Me acuerdo. Acababa de cumplir ocho años. Una tarde de noviembre, semejante a la de hoy, me habían dejado a solas en mi habitación invadida por la oscuridad. Estaba preocupado, ya que la casa estaba llena de idas y venidas extrañas, de murmullos misteriosos que yo sabía estaban relacionados con la enfermedad de mi madre. Sentía sobre todo que se habían olvidado de mí. No sé por qué no me atrevía a encender la luz, y permanecía sentado, mudo y temeroso en la oscuridad. Me aburría. Para distraerme y consolarme, se me ocurrió desabrocharme los pantaloncitos. Encontré allí aquella cosa cálida y suave que siempre me hacía compañía. Ya no sé cómo mi mano descubrió los gestos necesarios, pero de pronto me sentí sumido en un torbellino de delicias del que parecía que nada en el mundo podría jamás sacarme.

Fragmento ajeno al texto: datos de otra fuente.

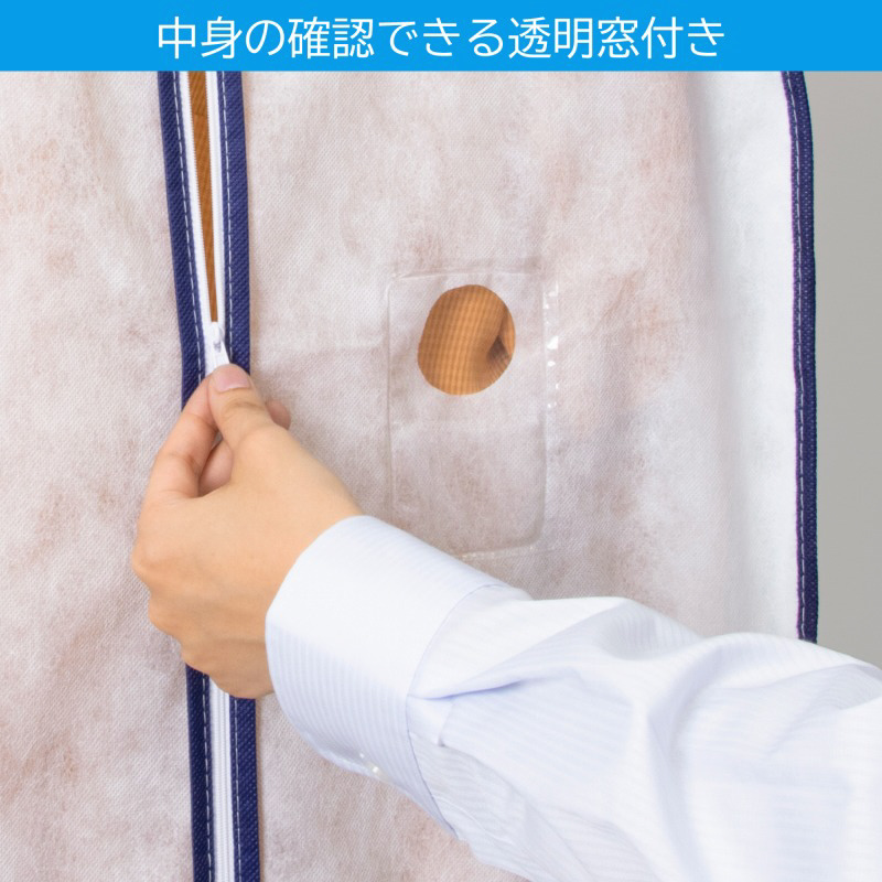 中身の見える透明窓と防虫剤用ポケット付き。透明の防虫剤用ポケットなので取り替えサインが一目で分かる。ネームホルダーとして中の衣類のメモを入れてもOK。

Mi asombro fue infinito al descubrir tantos recursos placenteros en mi propia carne y al sentir cómo mis dimensiones se modificaban de una manera que ni siquiera hubiera sospechado unos cuantos segundos antes. Apresuré mis movimientos y mi voluptuosidad se incrementó pero, en el preciso instante en que una ola que se me antojaba surgida del fondo de mis entrañas parecía querer sumergirme y alzarme por encima de mí mismo, sonaron unos pasos rápidos en el pasillo, se abrió bruscamente la puerta y se encendió la luz. Pálida y con la mirada extraviada, apareció mi abuela en el umbral, y su turbación era tal que no se dio cuenta del estado en que me hallaba. «¡Pobre criatura! Tu madre ha muerto.» Después, tomándome de la mano, me arrastró con rapidez. Yo llevaba un traje de marinero, cuya guerrera, bastante larga, ocultaba afortunadamente la bragueta que no había tenido tiempo de abrochar.

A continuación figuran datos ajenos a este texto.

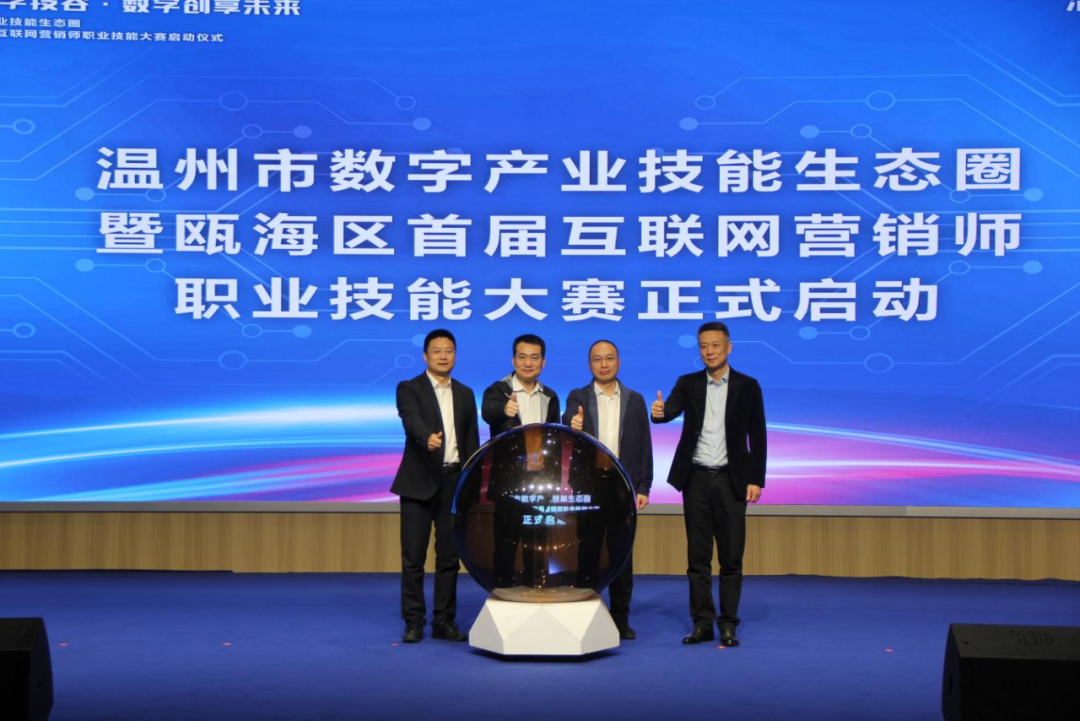 4月14日,温州市数字产业技能生态圈建设暨瓯海区首届互联网营销师职业技能大赛启动。温州市人力社保局党组书记、局长张雷,瓯海区副区长杜潘祚,温州技师学院校长刘杰,浙江安防职业技术学院党委委员温剑峰出席活动,瓯海区各职能部门负责人、电商直播基地代表、职业技能培训机构等80余人参加活动。

La habitación de mi madre, sumida en la penumbra, estaba llena de gente. Descubrí a mi padre, de rodillas en la cabecera de la cama y llorando con la cabeza hundida en las sábanas. Al principio me costó reconocer a mi madre en aquella mujer que parecía infinitamente más hermosa, más alta, más joven y más majestuosa de como la había visto hasta entonces. La abuela sollozaba. «Besa a tu madre por última vez», me dijo empujándome hacia la cama. Me empiné hasta aquella mujer maravillosa tendida en la blancura de la sábana. Posé mis labios en su rostro de cera, estreché sus hombros con mis bracitos y respiré su olor embriagador. Era como el de los bómbices que el profesor de historia natural nos había dado en la escuela y que yo criaba en una caja de cartón. Aquel aroma suave, seco, almizclado, de hojas, larvas y piedras, salía de los labios de mamá y se esparcía por su cabellera como un perfume. Y, de repente, la voluptuosidad interrumpida se apoderó de mi carne infantil con una brusquedad desconcertante. Arrebujado contra la cadera de mamá, me sentí invadido por una conmoción deliciosa, mientras me desahogaba por primera vez.

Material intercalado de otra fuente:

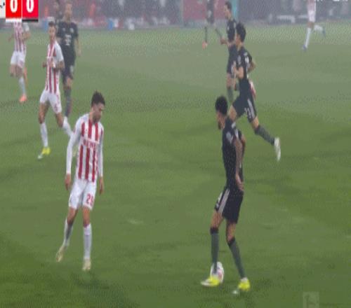 第20分钟,迪亚斯倒三角回传,格纳布里准备射门被克劳斯破坏

«¡Pobre criatura!», exclamó mi abuela, que había interpretado erróneamente mis suspiros.

 

 

5 de noviembre de 19..

 

 

Suele decirse que los que aman a los muertos sufren de anosmia. En mi caso no es así, y mi nariz percibe claramente los olores más diversos, aunque, como todo el mundo, estoy acostumbrado a los de mi entorno hasta el punto de no olerlos. Es posible, por tanto, que el olor de bómbice impregne todo mi apartamento sin que yo lo sepa.

Las mujeres de la limpieza no se quejan de ninguna molestia especial al limpiar la tienda de antigüedades que he heredado de mi padre. Como máximo, de vez en cuando, una vaga protesta por las antiguallas, las borras de polvo y los trastos frágiles tan feos cuando por un precio mucho menor se podrían tener cosas nuevas. Sólo es en mi apartamento privado, en el quinto piso, donde su comportamiento me da que pensar. Examinan los rincones con un aire de prudente sospecha. Me contemplan socarronamente y, sobre todo, husmean con cara de asco y los ojos en blanco ante el olor del apartamento. Fisgonean una y otra vez, buscando en su memoria, sin encontrar nada que les sirva, y siguen husmeando, hasta que una extraña inquietud se apodera de ellas. Entonces, se comportan como animales acosados y después se van. Cuando intento convencerlas, me dan respuestas imprecisas con un aire temeroso y sacuden la cabeza si les propongo subirles el sueldo. Pongo un anuncio en los periódicos y recomienza la historia. Cierto día, sin embargo, una de esas mujeres tuvo el valor de preguntarme por qué vestía siempre de negro, aunque no llevara luto. Otra, muy joven y ya obesa, cuyo nombre he olvidado, comentó en una tienda del barrio que yo olía a «vampiro». Siempre la vieja y aberrante confusión entre dos seres tan diametralmente opuestos como el vampiro y el necrófilo, entre el muerto que se alimenta de los vivos y el vivo que ama los muertos. No es que niegue que, al cabo de unos cuantos días, el perfume de bómbice se convierte en un olor como de metal recalentado que, cada vez más acre, se condensa finalmente en un hedor de vísceras. Cada una de estas fases tiene su encanto —aunque la última anuncie la separación—, pero jamás se me ocurriría la idea de devorar la carne de uno de mis amigos muertos, ni de beber su sangre.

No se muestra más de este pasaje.